- What is Hooke's Law?
- Hooke's Law Formula for Springs
- Hooke's law applications
- Hooke's law and elasticity

We explain what Hooke's law is, its formula and its applications in engineering and architecture. Also, how elasticity is calculated.

The greater the load applied to an object, the greater the deformation it undergoes.## What is Hooke's Law?

Hooke's Law of Elasticity, or simply Hooke's Law, is the physical principle around the elastic behavior of solid. It was formulated in 1660 by the British scientist Robert Hooke, a contemporary of the famous Isaac Newton.

The theoretical precept of this law is that the displacement or the deformation suffered by an object subjected to a force, will be directly proportional to the deforming force or the load. That is, the greater the force, the greater the deformation or displacement, or as Hooke himself formulated it in Latin: *Ut tensio sic vis* ("Like the extension, so the force").

Hooke's Law is extremely important in various fields, such as the physical and the study of elastic springs (his most frequent demonstration). It is a fundamental concept for engineering and architecture, construction and design, since it allows to foresee the way in which a prolonged force or a weight will alter the dimensions of the objects in the weather.

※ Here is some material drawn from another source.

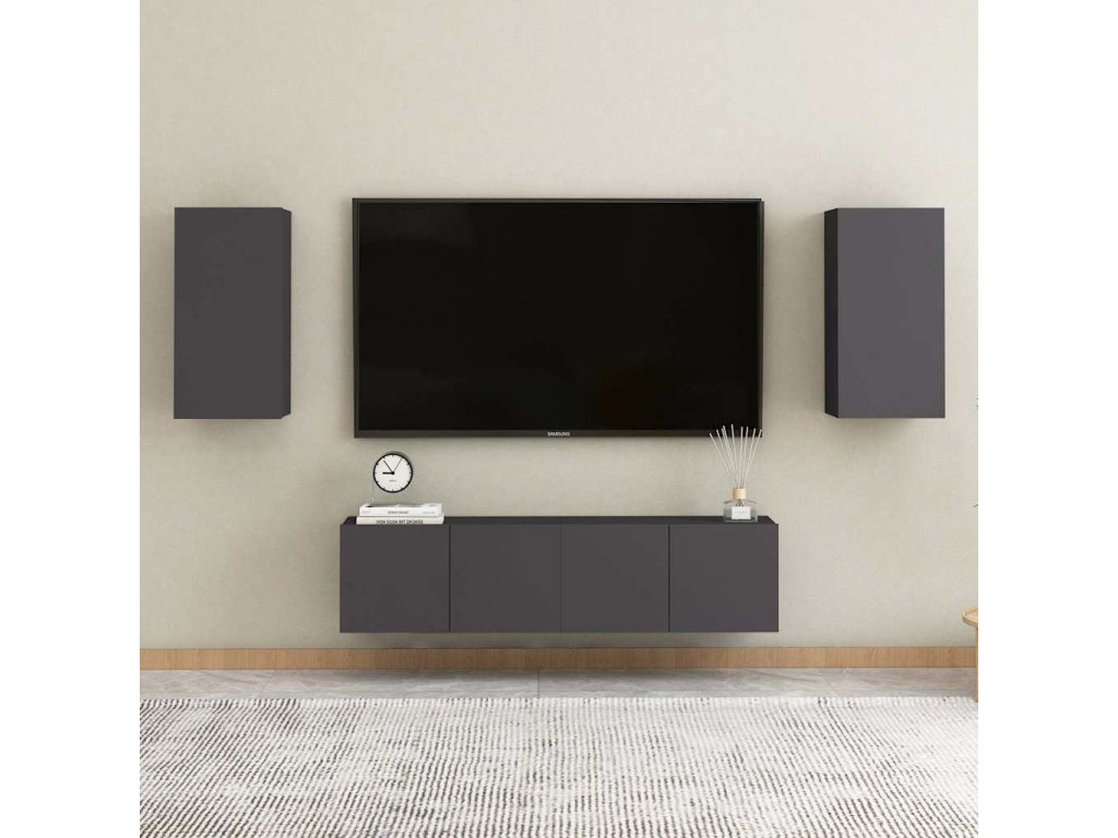Táto závesná sada TV skriniek vytvorí ústredný bod vo vašej obývačke vďaka modernému a štýlovému dizajnu.

This law is said to have been published by Hooke in the form of a mysterious anagram (*ceiiinosssttuv*), from which the Latin statement of his law can be reconstructed, because he was afraid that someone might illegally take possession of his discovery. A couple of years later, however, he made his findings public.

## Hooke's Law Formula for Springs

The most common formula for Hooke's law is as follows:

*F = -k. ΔL*

Where:

*F*is the deforming force*ΔL*is the variation that the length of the spring, either a compression or extension.*k*is the constant of proportionality baptized as*spring constant*, generally expressed in Newtons over meters (N / m).

To calculate ΔL, that is, the deformation of the object, it is necessary to know the initial length (L0) and the final length (Lf).

See also:Elasticity in physics

## Hooke's law applications

Hooke's law predicts the effect of weight on building materials.Hooke's law is extremely useful in all those fields in which the knowledge full of the elastic capacity of materials. Engineering, architecture and construction are disciplines in which it is used most frequently.

For example, this law allows us to predict the effect that the weight of automobiles will have on a bridge and on the materials from which it is made (such as the metal). It also allows calculating the behavior of a bellows or a set of springs, within a specific machine or industrial device.

The best-known application of Hooke's law is the development of dynamometers: devices made up of a spring and a scale that allow forces to be measured scalarly.

## Hooke's law and elasticity

The application of Hooke's law to calculate the elasticity varies whether it is springs, or solid elastic.

To calculate the elasticity of the springs, the “spring equation” is applied, which is the most general way of posing the formula of Hooke's law (the same one that we offered above: F = -k. ΔL).

Knowing the spring constant k and the mass of the object connected to the spring, the angular frequency of oscillation of the spring (ω) can be calculated with the following formula:

ω = √k / m

On the other hand, to calculate the elasticity of elastic solids, the law of springs must be generalized, since the distribution of stress in their bodies is much more complicated than a bellows.

For this, the Lamé-Hooke equations are used, which have specific formulas for each solid according to its specific shape: one-dimensional, three-dimensional isotropic or three-dimensional orthotropic. But these are subjects that require much more complex and technical elaboration.